Artificial Urinary Sphincter Placement
ARtificial urinary sphincter
When male patients experience severe urinary leakage, usually wearing several ‘pads’ a day to help manage the leakage, it may be time to discuss an artificial urinary sphincter. Most patients with this type of leakage may have a history of prostate cancer surgery, which can potentially weaken the natural sphincter of the body, causing the loss of normal urinary storage. American Medical Systems is the sole manufacturer and developer of the AMS 800™ Urinary Control System artificial urinary sphincter.
How it works?
The AMS 800 artificial urinary sphincter mimics a healthy sphincter in that it keeps the urethra closed until you want to urinate. It does this by automatically moving fluid such as saline (salt and water) through three main components: a cuff, a pump, and a balloon. These components are connected by flexible, kink-resistant tubing.
When you need to urinate, you release the pressure on the urethra so that urine can flow. You do this by simply squeezing and releasing the pump. This action pulls the fluid out of the cuff and sends it to the balloon. Because the empty cuff is no longer pressing the urethra closed, the urine can flow out of the bladder.
Minutes after the bladder is empty, the fluid automatically returns from the balloon to the cuff. Once the cuff is refilled, the urethra is squeezed closed again.
It is critical that you stop any aspirin, CoumadinⓇ, Plavix, or other blood thinners one week before shockwave lithotripsy. Please call our office should you have any questions about this.
The night before your procedure, you may eat and drink as usual. However, do not take anything by mouth after midnight the night before. Wear comfortable, loose-fitting clothing like a jogging suit on the day of your procedure. Bring a list of all the prescription and nonprescription medications that you take regularly on the day of the procedure.

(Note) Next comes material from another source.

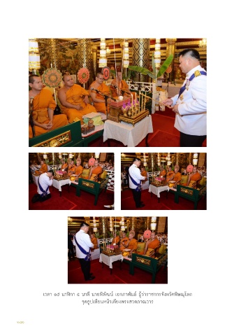 เวลำ ๑๙ นำฬิกำ ๕ นำที นำยพิพัฒน์ เอกภำพันธ์ ผู้ว่ำรำชกำรจังหวัดพิษณุโลก จุดธูปเทียนหน้ำเตียงพระสวดภำณวำร ๒๘๒
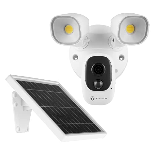 LUVISION Kabellose WLAN Überwachungskamera mit Solarpanel – Solar IP Überwachungssystem mit LED Flutlicht Lampe & Bewegungsmelder2-Wege Audio, per App steuerbar, mit Nachtsicht

Please plan to arrive two hours prior to your treatment.
Performed under general anesthesia. Two incisions are made. One small incision is made in the soft area below the scrotum and above the rectum, called the perineum. It is in this area that the inflatable cuff around the urethra is placed. A second small incision is made in the right suprapubic area, just around the area one would have a hernia surgery. It is this area we place the fluid reservoir for the system.
The procedure takes approximately 90 minutes, and Dr. Tony Nimeh will come and speak to your family afterwards.
Upon awakening from the procedure, you will have a catheter draining your bladder. I have yet to meet a man who likes having a catheter, but relax, the catheter typically will remain overnight and then get removed.
Definitely rest up for a few days after the procedure.
For pain, Advil®, Motrin®, or prescription Toradol® work great, dependent upon your doctor’s advice. Never take a medication without clearing it with your doctor first. These are nonnarcotic, so you don’t get sleepy, constipated or have other issues; however they are great anti-inflammatories. Take them on a regular basis the first two to three days after the procedure. For pain not relieved by these medications, use the prescription Tylenol® with codeine or Vicodin® that was prescribed for you.
Bowels: Do not strain when having a bowel movement. Expect irregular bowel habits until fully recovered. Increase fiber in your diet. You may need a stool softener or laxative. Do not take blood thinners or aspirin products for one week or as directed by your physician.
Activity: Take it easy for the first 48 hours after the procedure. Do not drive or operate dangerous equipment for 48 hours following anesthesia. It is important to avoid or reduce strenuous activity for four to six weeks. Light activity the first week after surgery, and then gradually increase it over the next month. Avoid strenuous exercise, heavy lifting greater than 20 pounds, bike riding, and yard work for one month, as the vibrations and movement may cause bleeding. No sexual activity for two weeks after surgery. Wearing tight jockey-type underwear is recommended for at least one week.
Catheter: You will briefly need a catheter to drain your bladder, depending upon the extent of your surgery. Wash around the catheter with soap and water and rinse well. You may shower, but avoid baths until the catheter is removed.
Diet and fluid: Avoid coffee, tea, carbonated beverages, alcoholic beverages, citrus juices, spicy foods, and smoking for the first month week following surgery. Increase your intake of fluids, particularly water -- 24-48 ounces over your usual daily fluid intake is typically recommended during the first two weeks of your recovery.
Expected signs and symptoms
You may experience swelling or bruising around the incisions, and this is temporary. You may experience some mild burning and discomfort during urination. This is normal and should subside in one to four weeks.
Usually, Dr. Tony Nimeh or his staff will communicate to you a desired follow-up time frame. Please call us the day after the procedure to verify a time to see us in the office. We will plan to activate the artificial urinary sphincter device a few weeks after the swelling has gone down, and show you how to appropriately use the device.
Time to celebrate! Once your artificial urinary sphincter is activated, you’re on the road to recovery. Just as you won’t run right after knee surgery, have patience as you gradually heal from surgery. Immediately after your device is activated, you will notice that you will be much drier than before. How dry you become is largely dependent on how severe symptoms were prior to surgery. Good news is that you’ll be happy that you chose surgery, just be patient with your road to recovery.